All those with mpox, Mitjà said, “should be tested for HIV at the time of their diagnosis, and if immune suppression is detected, intensified management should be implemented to attenuate complications in this vulnerable group.”
These concerns are particularly acute, he said, in nations such as the U.S. and Mexico where the proportion of the HIV population not on antiretrovirals is higher than in other regions. According to CDC data, only about half of the estimated 1.2 million people living with HIV in the U.S. have a fully suppressed viral load thanks to antiretroviral treatment.
The Lancet paper’s authors note that the study cohort members may not be fully representative of those with advanced HIV and mpox globally. The cohort may have been biased toward those with more severe outcomes, because people with milder or asymptomatic cases may not have made contact with health care systems.
Dr.

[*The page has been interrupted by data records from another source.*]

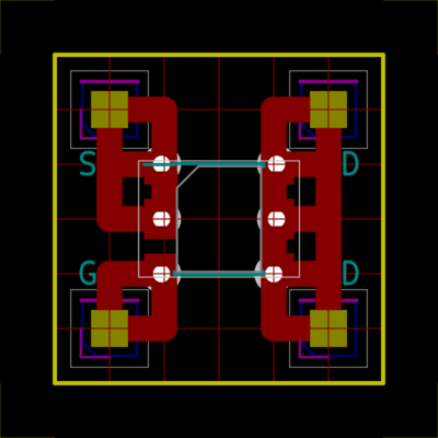 Die Leiterbahnen sind rot, die dünnen roten Linien sind das Raster. Die Lötpunkte für das SMD-Bauelement sind dargestellt.
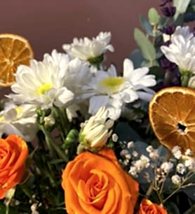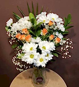 Vazo (şeffaf,siyah,kırmızı)İçerisinde Beyaz Papatya & Renkli Çardak Güller
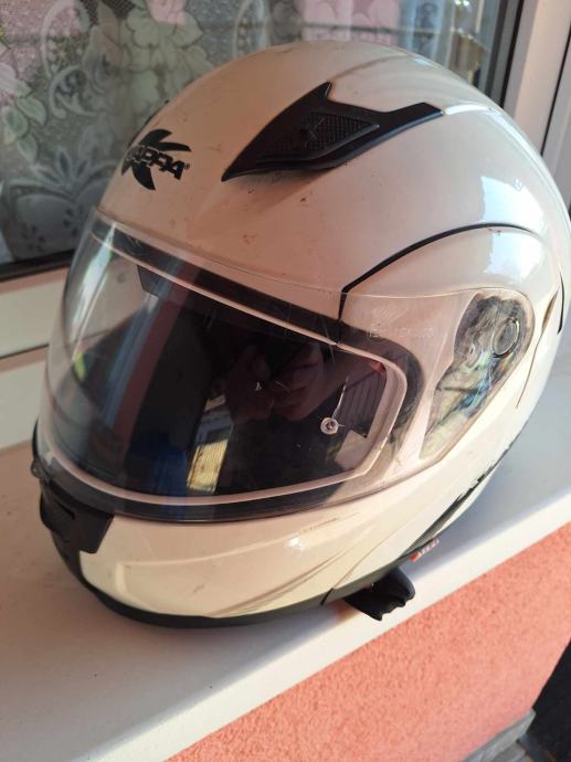 prodajem kappa kaciga za motor izbrisala se nalijepnica za velicinu ili je l ili xl za 30e,flip up kaciga,potrebno je suncane naocale zamijenit unutra jer su izgrecane na par mjesta.kaciga je kupljena prije 9 godina kostala 1000kn
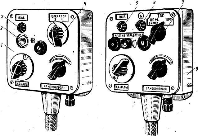 1— пульт летчика; 2 —гнездо для включения микрофона; 3, 5 — лампочки сигнализации включения пультов; 4 — переключатель управления пультов; 6 — лампочка сигнализации включения барореле;. 7 — переключатель режимов; 8 — пульт радиста
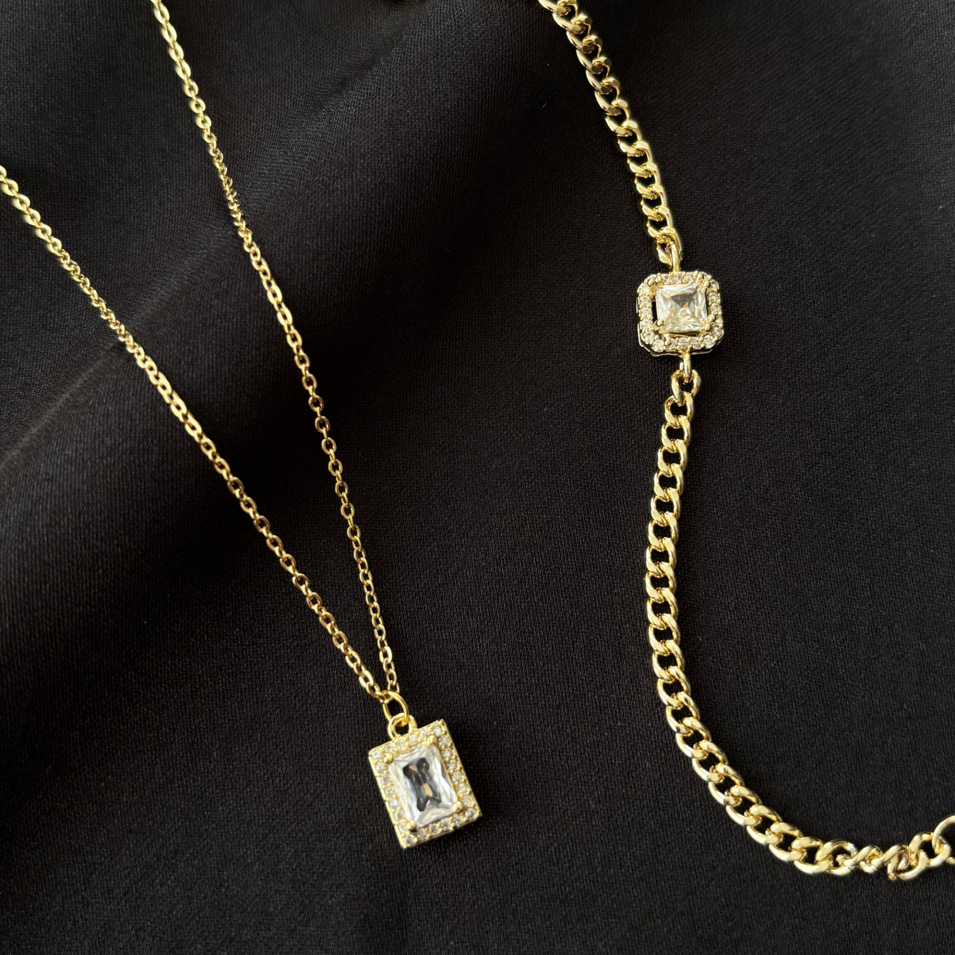 Zamansız şıklığın simgesi baget taşlarla tasarlanan bu set, minimal çizgisi ve zarif ışıltısıyla öne çıkar. Kolye ve bileklikten oluşan bu özel kombin, günlük stilinize zarafet katarken özel anlarda da şık bir tamamlayıcı olur. Hem sade hem dikkat çekici bir görünüm arayanlar için ideal bir seçimdir.

Boghuma Titanji, an infectious disease specialist at Emory University who has treated many people with mpox, said, “The study provides much needed confirmation of patterns clinicians treating mpox patients have seen on a smaller scale in their practice.”
In a statement, Dr. Meg Doherty, director of global HIV, hepatitis and sexually transmitted infections programs at the WHO, said The Lancet paper “makes a very compelling case” that mpox “behaves like other opportunistic infections.” The WHO, she said, “will review relevant data with global experts to assess if severe mpox in people living with HIV is a marker for advanced HIV disease.”